- **Data records**:
........

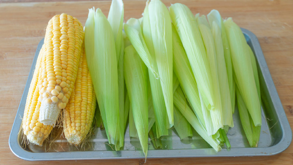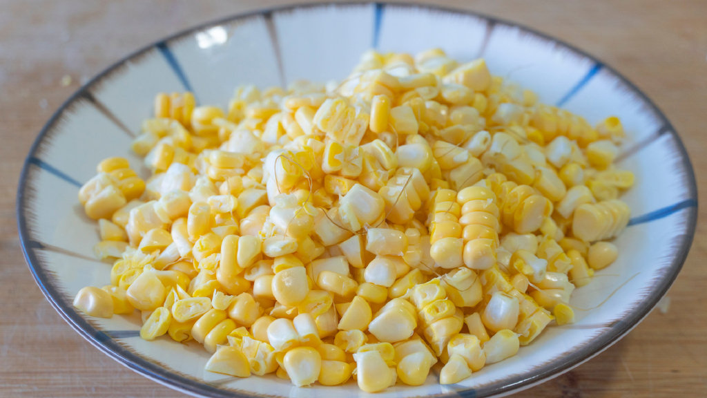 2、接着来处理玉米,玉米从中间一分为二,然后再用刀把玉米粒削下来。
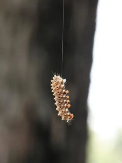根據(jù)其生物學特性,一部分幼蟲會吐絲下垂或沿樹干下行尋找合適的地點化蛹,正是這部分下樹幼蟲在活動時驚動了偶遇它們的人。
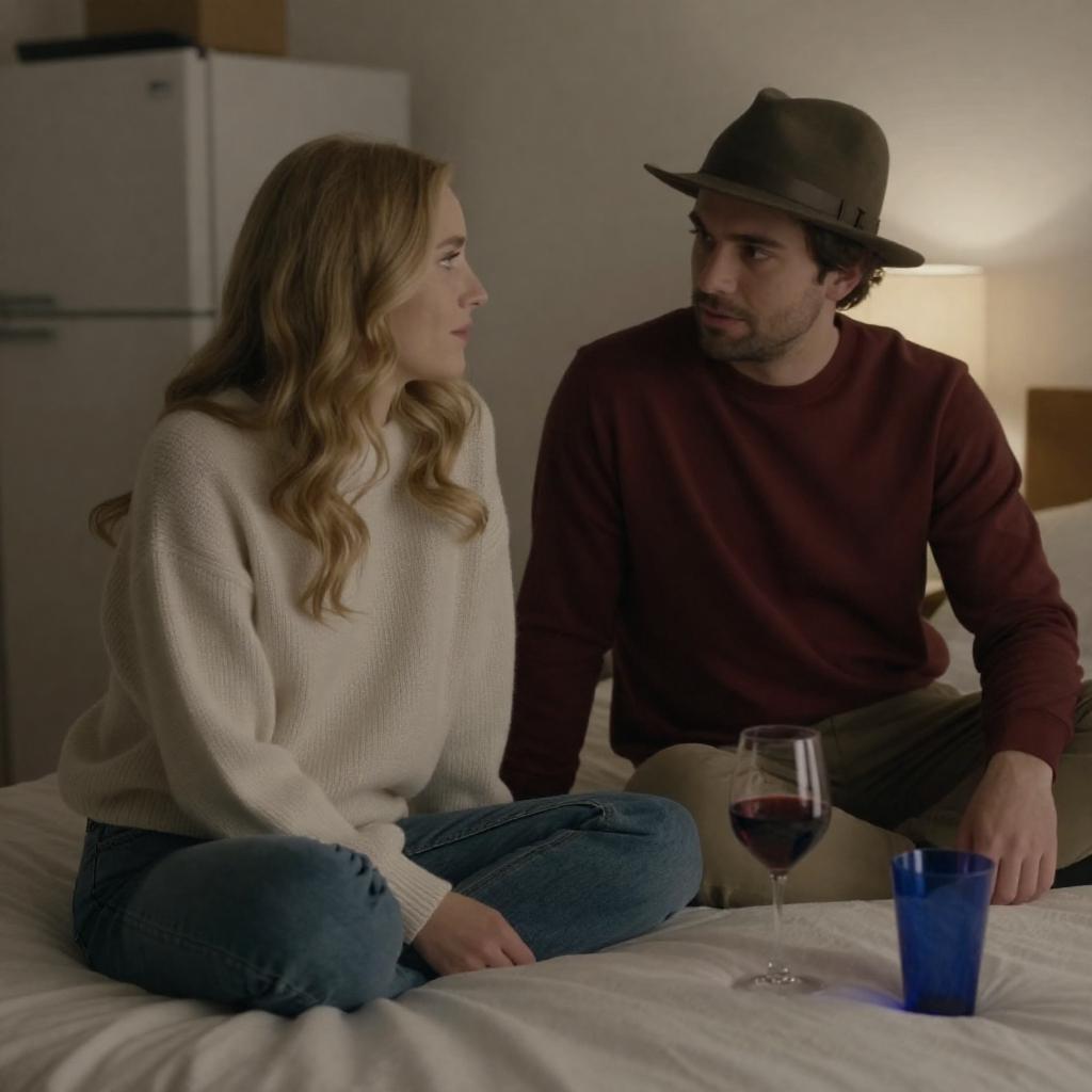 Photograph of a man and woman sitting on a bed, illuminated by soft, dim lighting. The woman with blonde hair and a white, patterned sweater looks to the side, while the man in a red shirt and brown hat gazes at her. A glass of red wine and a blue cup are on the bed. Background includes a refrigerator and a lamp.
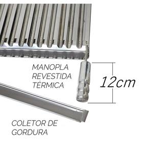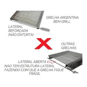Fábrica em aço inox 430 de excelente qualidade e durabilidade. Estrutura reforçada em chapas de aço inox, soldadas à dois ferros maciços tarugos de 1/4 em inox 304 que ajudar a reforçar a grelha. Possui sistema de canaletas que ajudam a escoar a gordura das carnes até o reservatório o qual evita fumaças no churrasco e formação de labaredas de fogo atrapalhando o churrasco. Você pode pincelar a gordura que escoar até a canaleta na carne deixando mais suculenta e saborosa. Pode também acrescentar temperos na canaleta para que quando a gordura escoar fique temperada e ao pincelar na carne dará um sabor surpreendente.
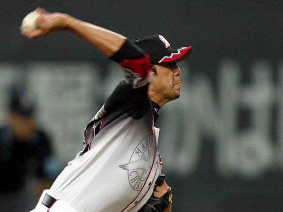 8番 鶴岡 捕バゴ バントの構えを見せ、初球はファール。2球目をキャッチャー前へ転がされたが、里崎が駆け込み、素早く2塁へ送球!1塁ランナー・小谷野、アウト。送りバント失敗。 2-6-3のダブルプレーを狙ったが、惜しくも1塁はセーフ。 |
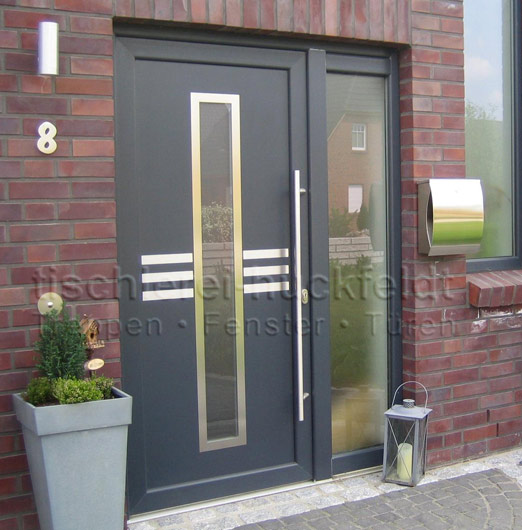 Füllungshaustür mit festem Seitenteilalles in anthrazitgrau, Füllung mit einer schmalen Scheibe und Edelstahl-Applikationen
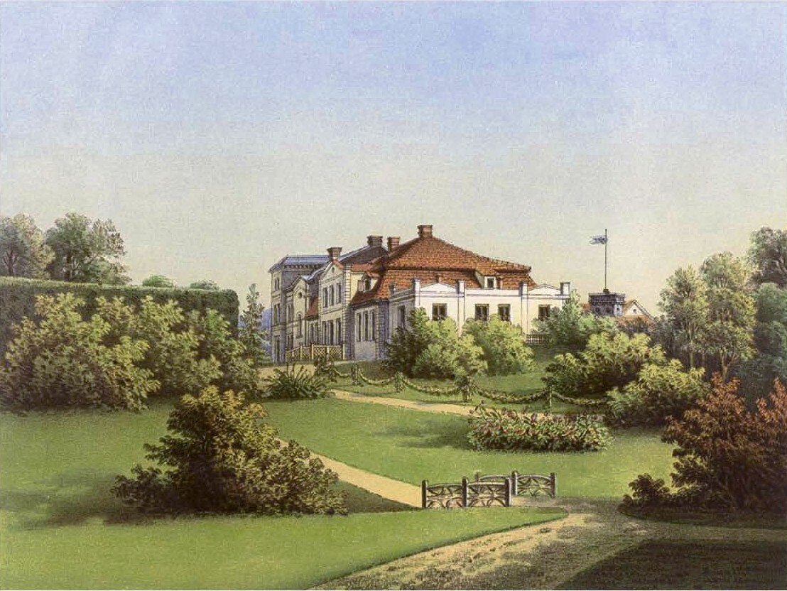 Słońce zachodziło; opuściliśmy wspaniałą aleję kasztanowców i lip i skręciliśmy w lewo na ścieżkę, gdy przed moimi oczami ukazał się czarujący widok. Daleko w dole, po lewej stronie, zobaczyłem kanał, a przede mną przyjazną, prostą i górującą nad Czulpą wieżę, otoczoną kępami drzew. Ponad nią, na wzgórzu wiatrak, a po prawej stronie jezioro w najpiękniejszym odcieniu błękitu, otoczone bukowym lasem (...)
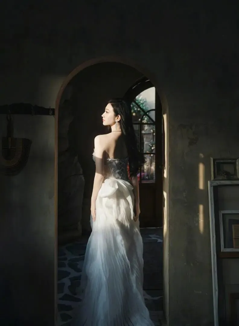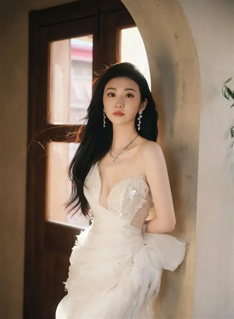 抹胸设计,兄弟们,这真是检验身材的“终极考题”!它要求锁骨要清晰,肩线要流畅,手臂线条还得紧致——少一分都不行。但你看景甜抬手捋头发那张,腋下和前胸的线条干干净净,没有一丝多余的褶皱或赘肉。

........

- **Exercise instructions**: Give back exactly the lines running from the one that contains "Photograph of a" to the end of the records, including both of those lines and excluding every picture.

- **Your response**:
 Photograph of a man and woman sitting on a bed, illuminated by soft, dim lighting. The woman with blonde hair and a white, patterned sweater looks to the side, while the man in a red shirt and brown hat gazes at her. A glass of red wine and a blue cup are on the bed. Background includes a refrigerator and a lamp.
Fábrica em aço inox 430 de excelente qualidade e durabilidade. Estrutura reforçada em chapas de aço inox, soldadas à dois ferros maciços tarugos de 1/4 em inox 304 que ajudar a reforçar a grelha. Possui sistema de canaletas que ajudam a escoar a gordura das carnes até o reservatório o qual evita fumaças no churrasco e formação de labaredas de fogo atrapalhando o churrasco. Você pode pincelar a gordura que escoar até a canaleta na carne deixando mais suculenta e saborosa. Pode também acrescentar temperos na canaleta para que quando a gordura escoar fique temperada e ao pincelar na carne dará um sabor surpreendente.
 8番 鶴岡 捕バゴ バントの構えを見せ、初球はファール。2球目をキャッチャー前へ転がされたが、里崎が駆け込み、素早く2塁へ送球!1塁ランナー・小谷野、アウト。送りバント失敗。 2-6-3のダブルプレーを狙ったが、惜しくも1塁はセーフ。 |
 Füllungshaustür mit festem Seitenteilalles in anthrazitgrau, Füllung mit einer schmalen Scheibe und Edelstahl-Applikationen
 Słońce zachodziło; opuściliśmy wspaniałą aleję kasztanowców i lip i skręciliśmy w lewo na ścieżkę, gdy przed moimi oczami ukazał się czarujący widok. Daleko w dole, po lewej stronie, zobaczyłem kanał, a przede mną przyjazną, prostą i górującą nad Czulpą wieżę, otoczoną kępami drzew. Ponad nią, na wzgórzu wiatrak, a po prawej stronie jezioro w najpiękniejszym odcieniu błękitu, otoczone bukowym lasem (...)
 抹胸设计,兄弟们,这真是检验身材的“终极考题”!它要求锁骨要清晰,肩线要流畅,手臂线条还得紧致——少一分都不行。但你看景甜抬手捋头发那张,腋下和前胸的线条干干净净,没有一丝多余的褶皱或赘肉。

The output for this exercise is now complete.